Implementing serial crystallography as a routine data collection tool at SARomics Biostructures

Reference number 2018-04409
Coordinator SARomics Biostructures AB
Funding from Vinnova SEK 429 000
Project duration November 2018 - November 2019
Status Ongoing
Venture Research infrastructure - utilisation and collaboration
Call Research infrastructure - utilisation and collaboration: Industrial pilot projects for neutron and photon experiments at large scale research infrastructures

Purpose and goal

About half of all drugs on the market today have membrane-bound proteins as targets. Information on these proteins´ three-dimensional structures is important for the development of new medicines. These proteins are difficult to study with the most common method, protein crystallography, as they usually only give rise to very small crystals. New methods have been developed at synchrotrons such as MAX IV in Lund to study these small crystals. The methods are under constant development, and the goal of the current project is for SARomics Biostructures staff to learn the new techniques.

Expected results and effects

As a result, SARomics Biostructures staff will learn the latest state-of-the-art methods for data collection from microcrystals, which is generally called "serial crystallography". This will give SARomics the possibility to engage with a wider range of projects on more challenging target proteins in the future, which will in turn increase the company´s competitiveness in the global market of early stage drug discovery.
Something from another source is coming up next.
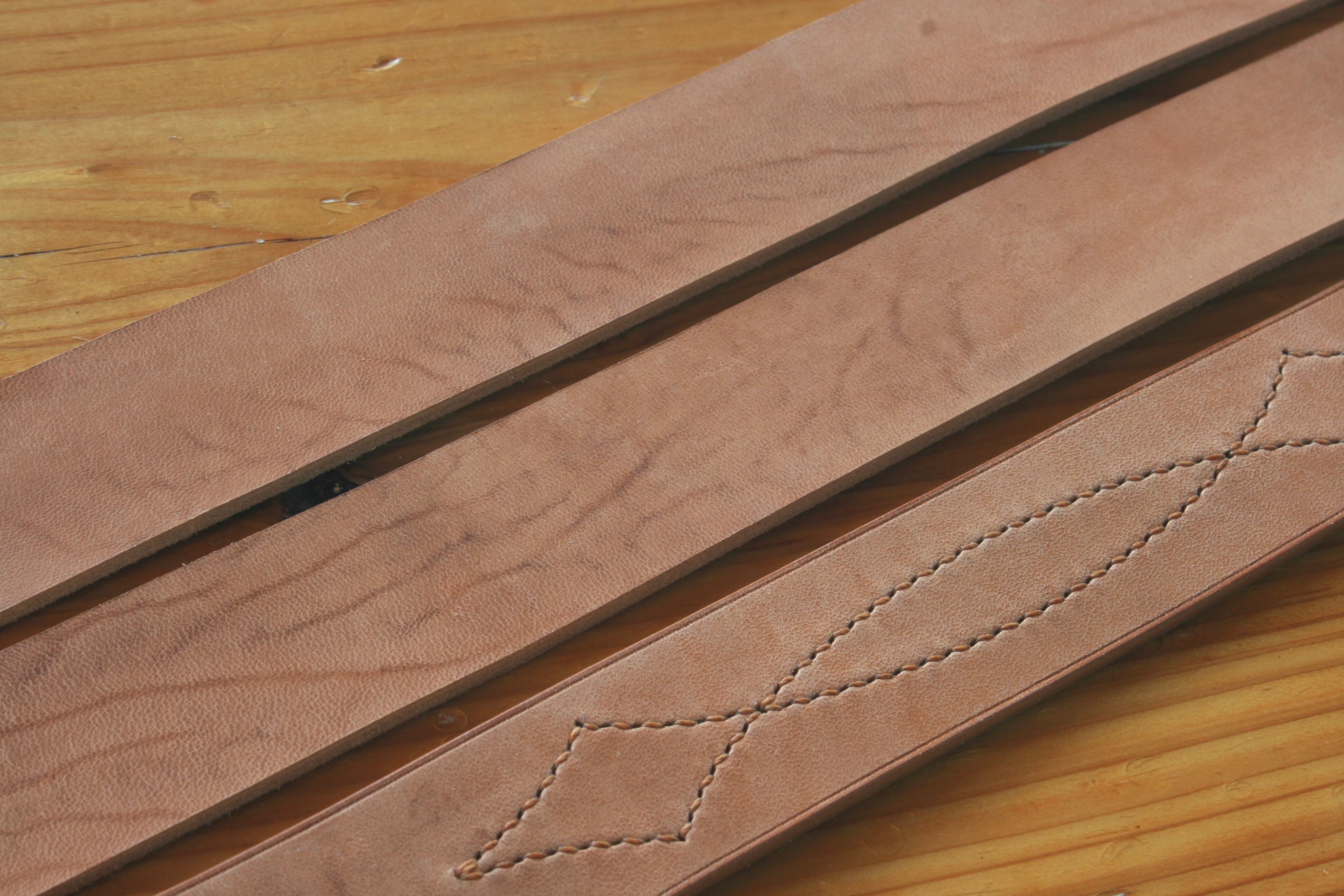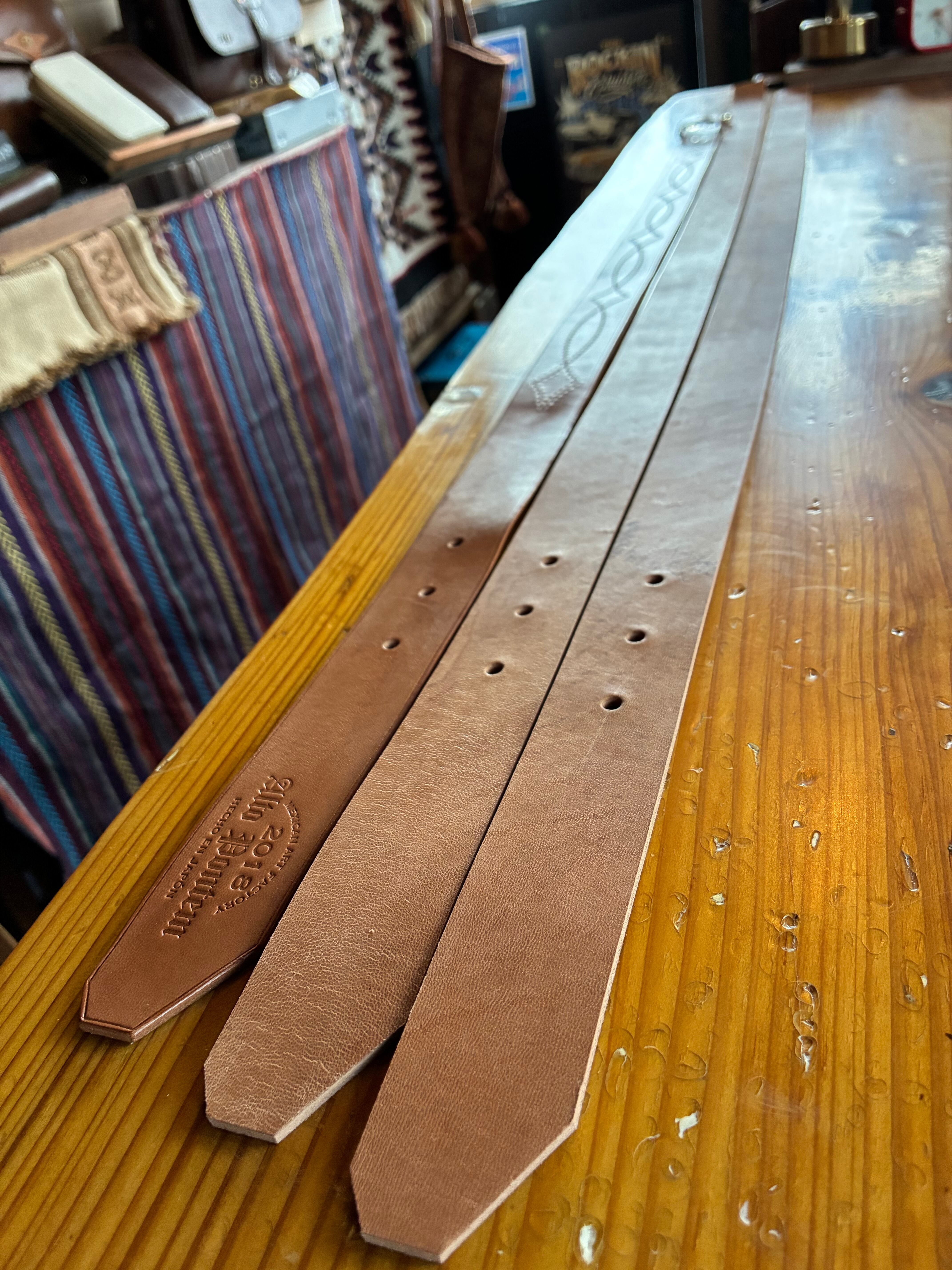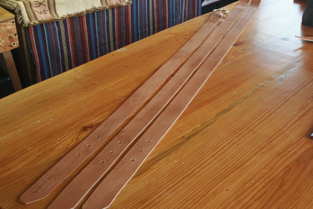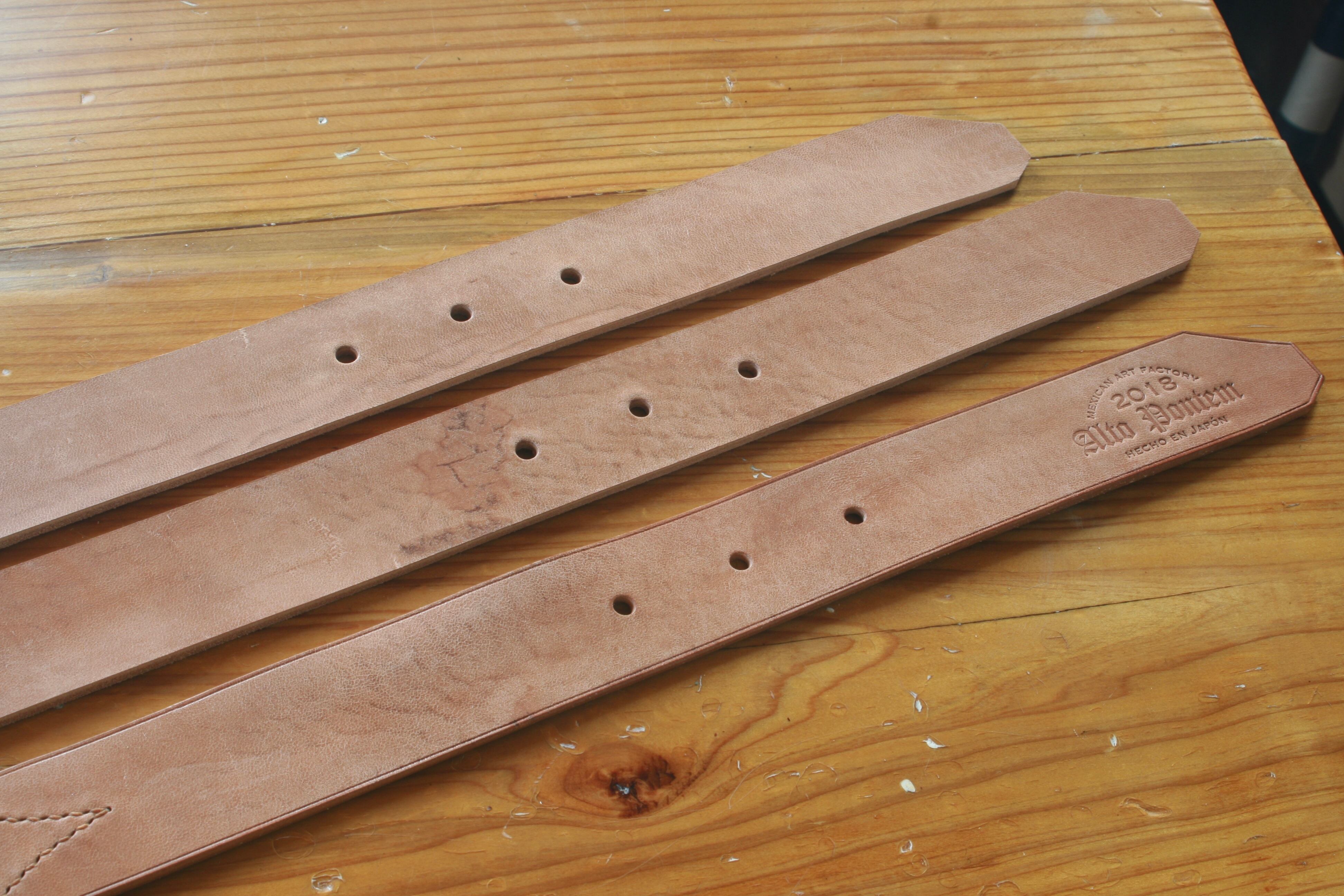 13枚目の写真に写る一番左のベルトが最終仕上げ後で、右2本は未仕上げです。

Planned approach and implementation

SARomics will produce a large number of small crystals of a model protein that we will analyse together with staff at the BioMAX beamline of MAX IV in Lund. Serial crystallography involves exposing many such small crystals to X-rays at room temperature. We will investigate the best way to do this using the two most common methods under development today, i.e. streaming the crystals past the X-ray beam or spreading them out on a solid support. We will evaluate which of these works best for our system and also learn how to process the large amounts of data that result from such experiments.

The project description has been provided by the project members themselves and the text has not been examined by our editors.